Take a walk with me, down memory lane. I have spent the last two days opening boxes from my childhood and reliving events that have been locked in an attic for ten years. My parents brought the beginnings of my life to me, and I now get to share those with my children.
There were the necklaces that I had for forever, with the brightly colored heart beads. I never knew where I got them, and I almost never wore them, but they had been in my life for as long as I could remember.
There were the Japanese memorabilia that had been given to me by our exchange students when I was still in elementary school.
There were the yearbooks that meant so little to me, except that my friends had signed them.
There were the trophies I had won for coloring, for 4-H, for tennis, and the multitude of ribbons that rewarded every try I made in my younger years.
There were Easter decorations, some that I had made, and some that had been made for me. It will be wonderful to share those with my children.
There were my Chevron cars, which now decorate my kitchen and bring a bit of whimsical personality to an otherwise very serious room.
There were books. Ah, the books. I have spent hours upon hours in those books. I have the Little House series, and the Ann of Green Gables series, and huge books of children's stories. I got to introduce the Schprid to a pop-up version of The Little Engine That Could, tonight. It was her very first pop-up book.
It's funny how my past is now becoming my future, and my children's futures, and possibly their childrens' futures. It's funny how, with my childhood treasures, this life I live has become more my own.
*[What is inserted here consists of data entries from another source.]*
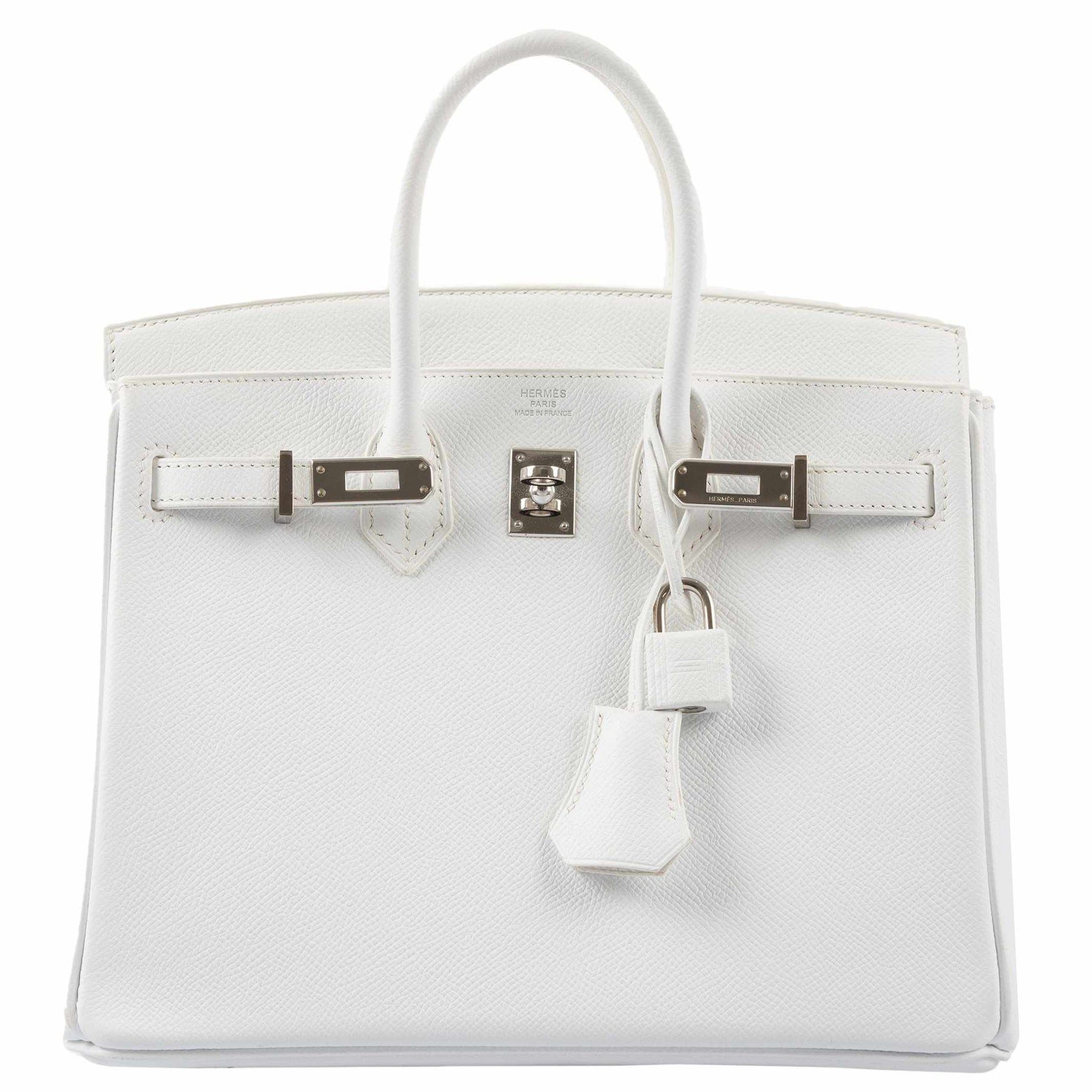 Hermes white 25cm Birkin in Epsom leather, is there anything more perfect! The interior is lined in white Chevre with one zip pocket with an Hermes engraved zipper pull and an open pocket on the opposite side. Comes with Hermes box, Hermes dustbag, clochette, lock, two keys, clochette, raincoat, care booklet, felt.
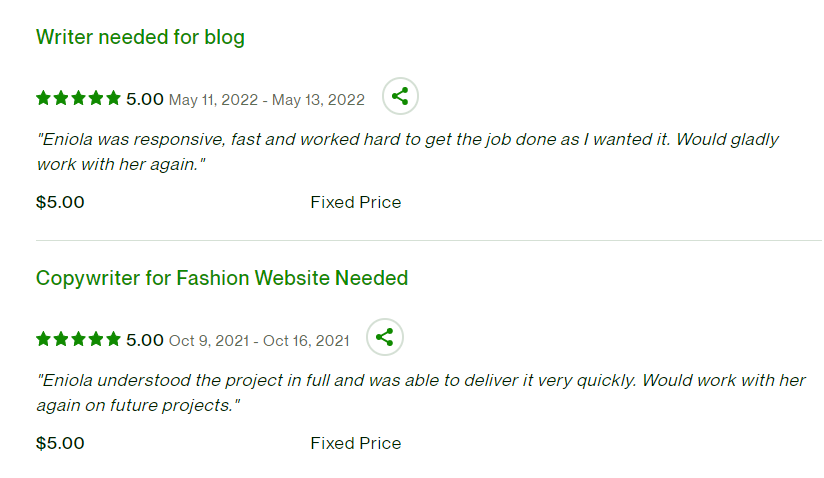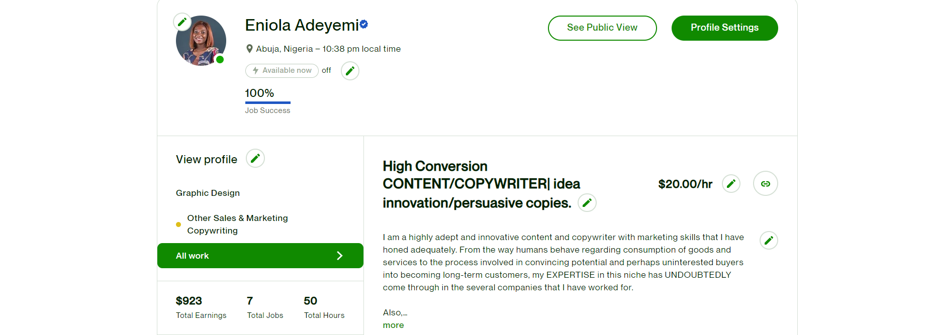 I am a HIGH-CONVERSION freelance content writer ( copywriting, blog writing, and article writing). I freelance on Upwork, among other platforms.
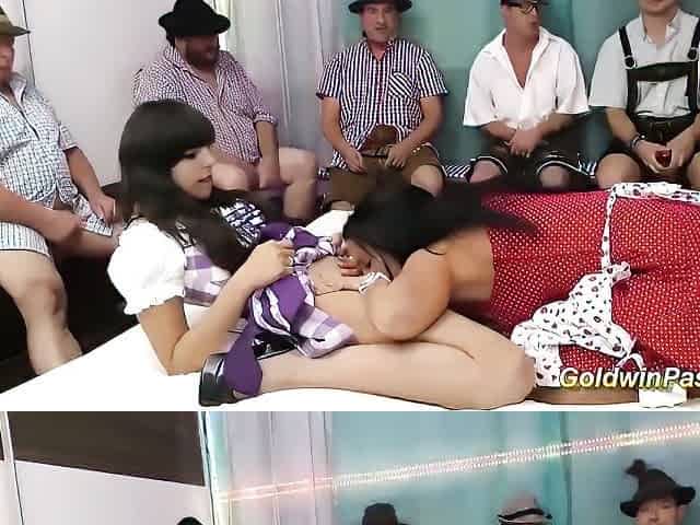 Gemischter Dreier Mit Zwei Spermageilen Heissen Braeuten
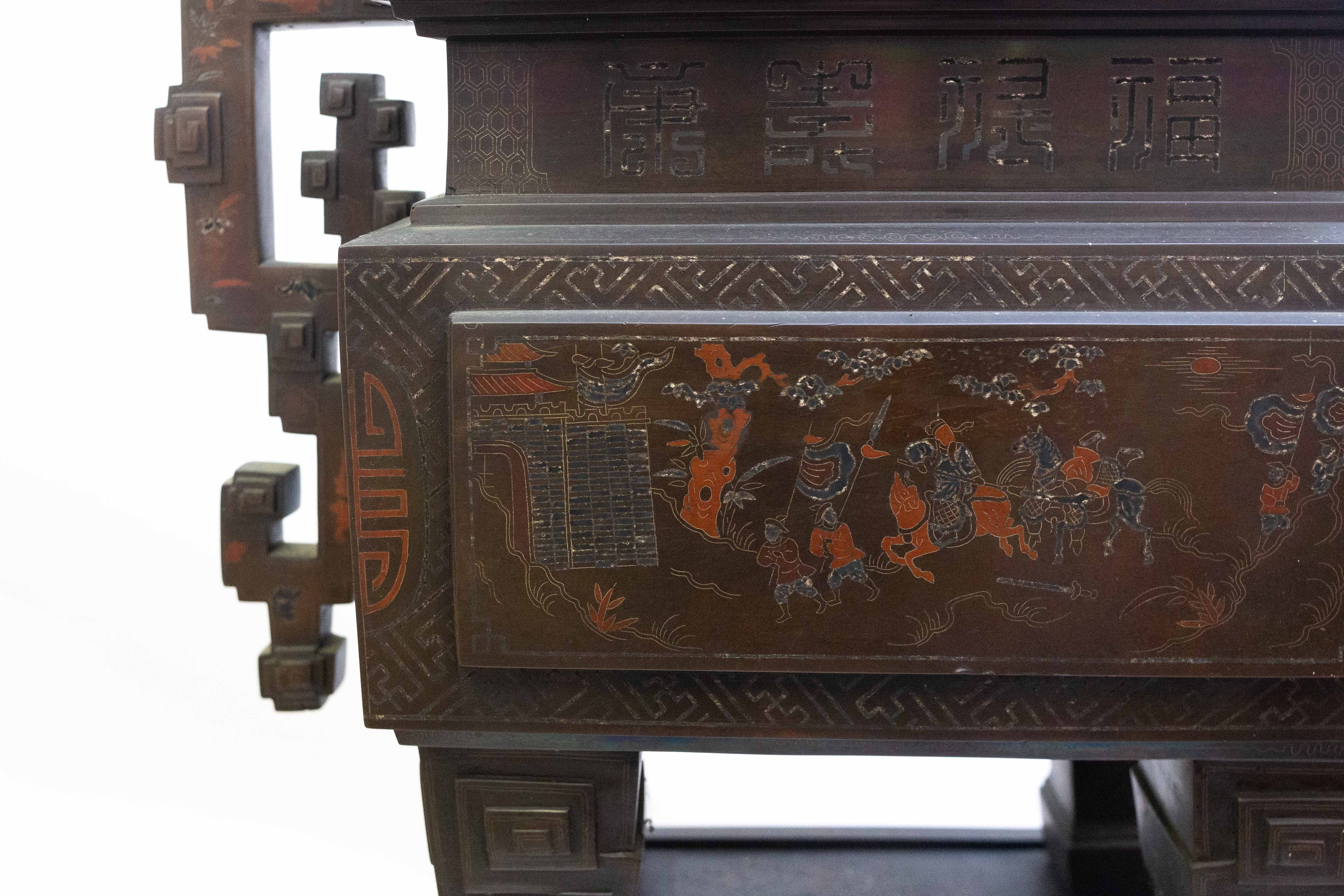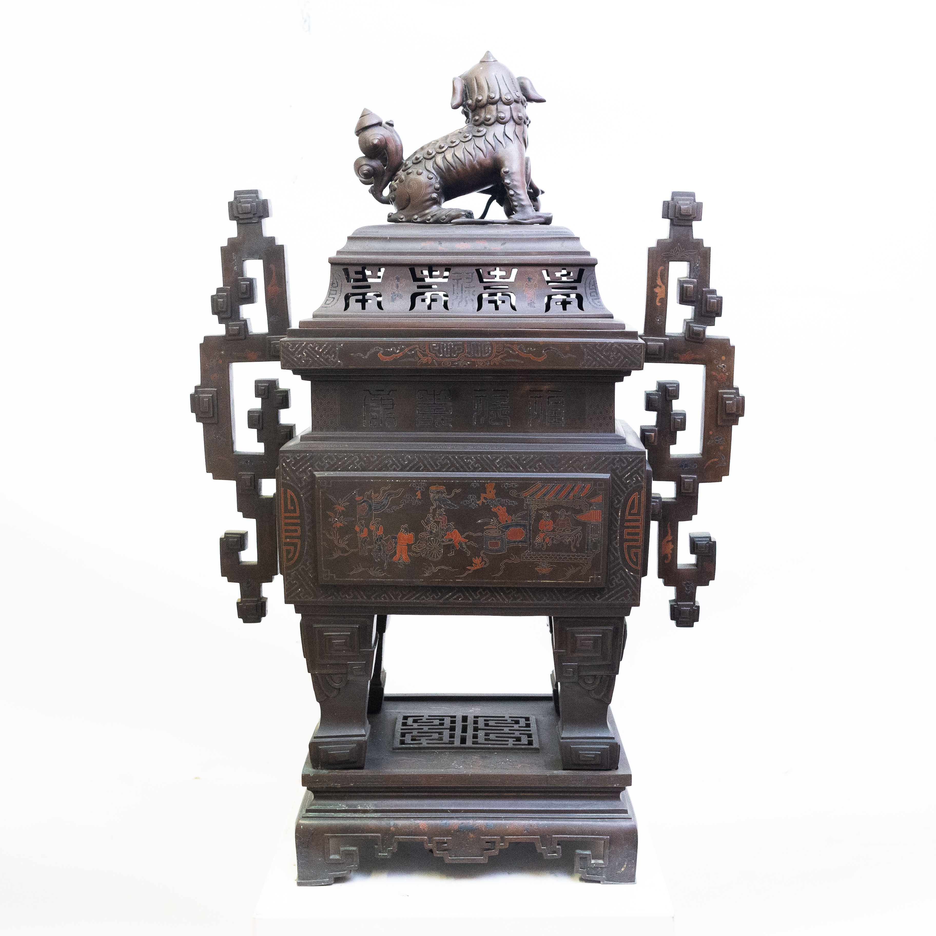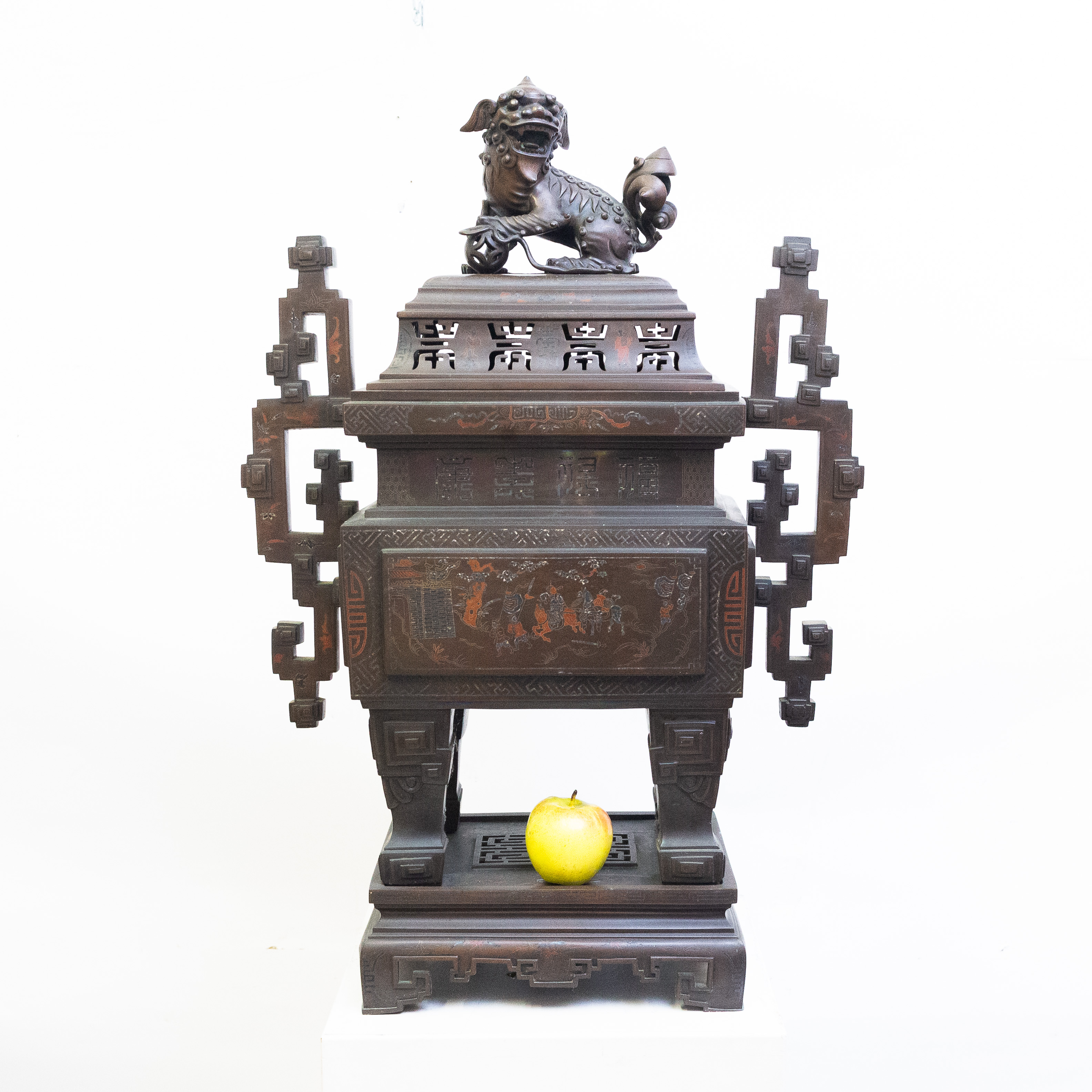 L'incensiere fuso di forma rettangolare impostato su quattro gambe con manici elaborati raffiguranti nuvole , su ciascun lato ci sono quattro personaggi di buon auspicio, con decorazioni di cavalieri in paesaggi intarsiate in argento e rame. La copertura traforata è sormontata da un grande pinnacolo a forma di cane leone 'Nghe'. Il supporto con sezione centrale rettangolare traforata ulteriormente decorato con decorazioni intarsiate di vari fiori, sostenuto da quattro piedini a cartiglio.

It's funny how practicality told me to throw away the things I was never going to use again, but that sentimentality made me keep the broken ceramic Easter chick that my Mom painted for me when I was six and the banner my parents made for the soccer team I was never really a part of. It's funny that with a few dusty old boxes, I suddenly feel like I have more to offer and a wealth of experiences from which to draw. It's funny how much silly little things mean to me and help to create the woman that I am.
1 comment:
Wow, did you mom clean out your room?
Unfortunately for me, I have lost a few of those memory boxes, but I will see something now and then that reminds me of one or the other, like at Girls' Camp when they had rolled paper beads like we did at Elementary School, and my mom actually wore...and got mega compliments on!
Today's WV fits your post: wawers! Like major WOW and I'm in AWE!